> [ASSIGNED TASK]
Give the data back exactly. Leave out any images.

> [DATA BLOCK]
******

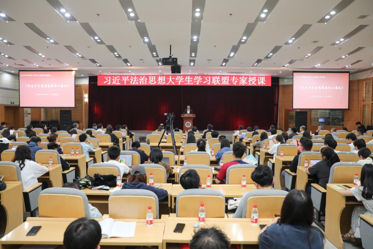 新闻网讯(通讯员 瞿玉杰 张智翔 黄辰宇 杨抒妍)5月22日上午,习近平法治思想大学生学习联盟成立大会在中国政法大学昌平校区举行。司法部普法与依法治理局副局长、法治宣传中心副主任谢向红,中国政法大学党委副书记黄瑞宇出席本次大会,我校党委学生工作部部长王前哨、法学院党委副书记陈金川、学校习近平法治思想宣讲团师生代表参加会议。
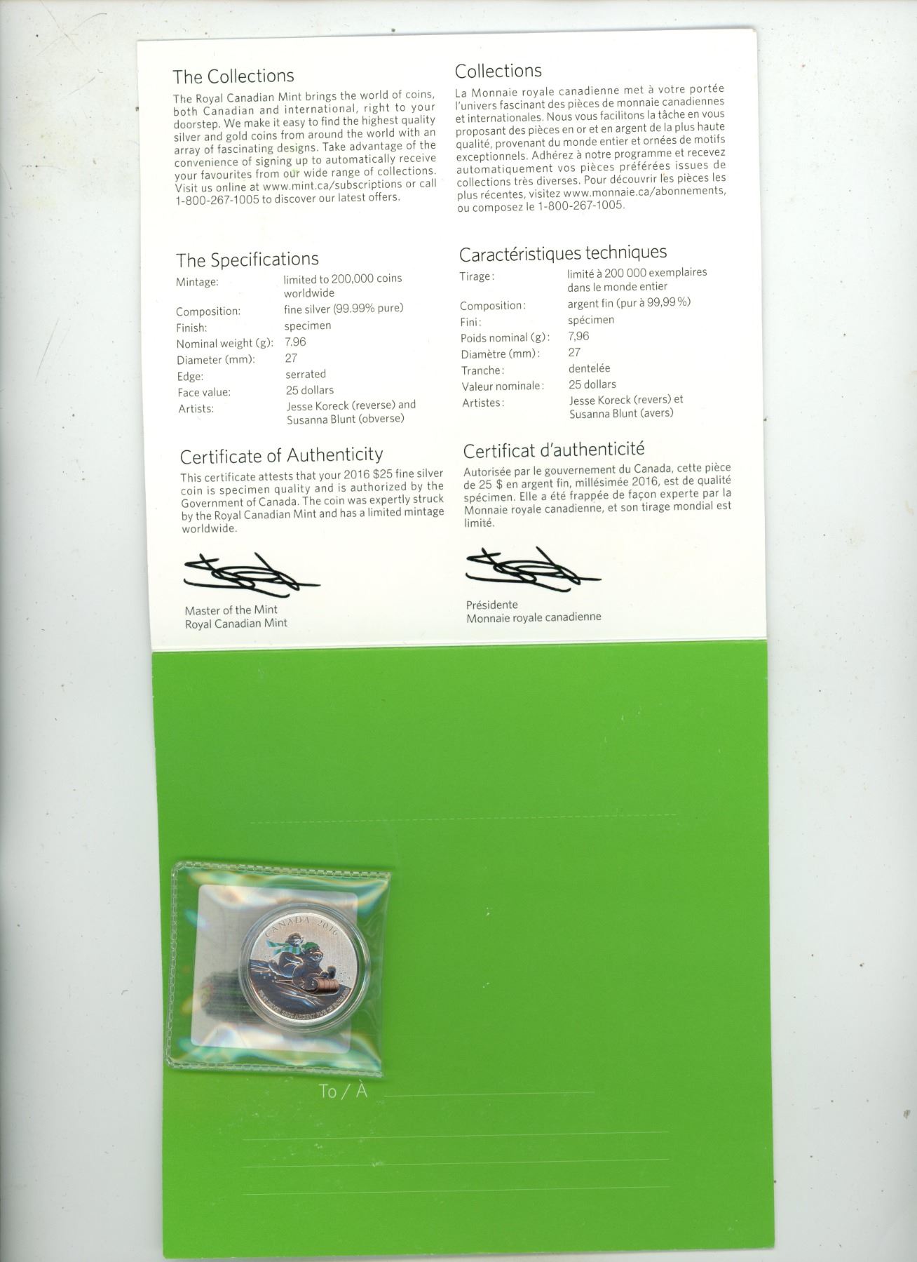 2016 Canada $25 Fine Silver Coin - Winter Fun.
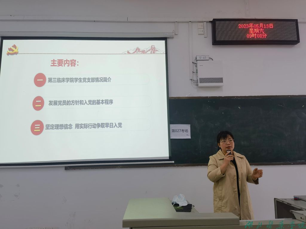 李芹以《坚定理想信念,用实际行动争取早日入党》为题向大家详细介绍了tyc5997太阳集团学生党支部的基本情况以及党员发展的基本程序和方针,指出tyc5997太阳集团本部学生党支部是湖北省及十堰市样板党支部,欢迎大家积极努力加入这一优秀的团体。特别是以张桂梅和张富清的感人事迹为例,向大家介绍了优秀共产党员的理想信念和担当,希望大家向先进学习,坚定理想信念,用实际行动争取早日入党。

******

> [TASK SOLUTION]
 新闻网讯(通讯员 瞿玉杰 张智翔 黄辰宇 杨抒妍)5月22日上午,习近平法治思想大学生学习联盟成立大会在中国政法大学昌平校区举行。司法部普法与依法治理局副局长、法治宣传中心副主任谢向红,中国政法大学党委副书记黄瑞宇出席本次大会,我校党委学生工作部部长王前哨、法学院党委副书记陈金川、学校习近平法治思想宣讲团师生代表参加会议。
 2016 Canada $25 Fine Silver Coin - Winter Fun.
 李芹以《坚定理想信念,用实际行动争取早日入党》为题向大家详细介绍了tyc5997太阳集团学生党支部的基本情况以及党员发展的基本程序和方针,指出tyc5997太阳集团本部学生党支部是湖北省及十堰市样板党支部,欢迎大家积极努力加入这一优秀的团体。特别是以张桂梅和张富清的感人事迹为例,向大家介绍了优秀共产党员的理想信念和担当,希望大家向先进学习,坚定理想信念,用实际行动争取早日入党。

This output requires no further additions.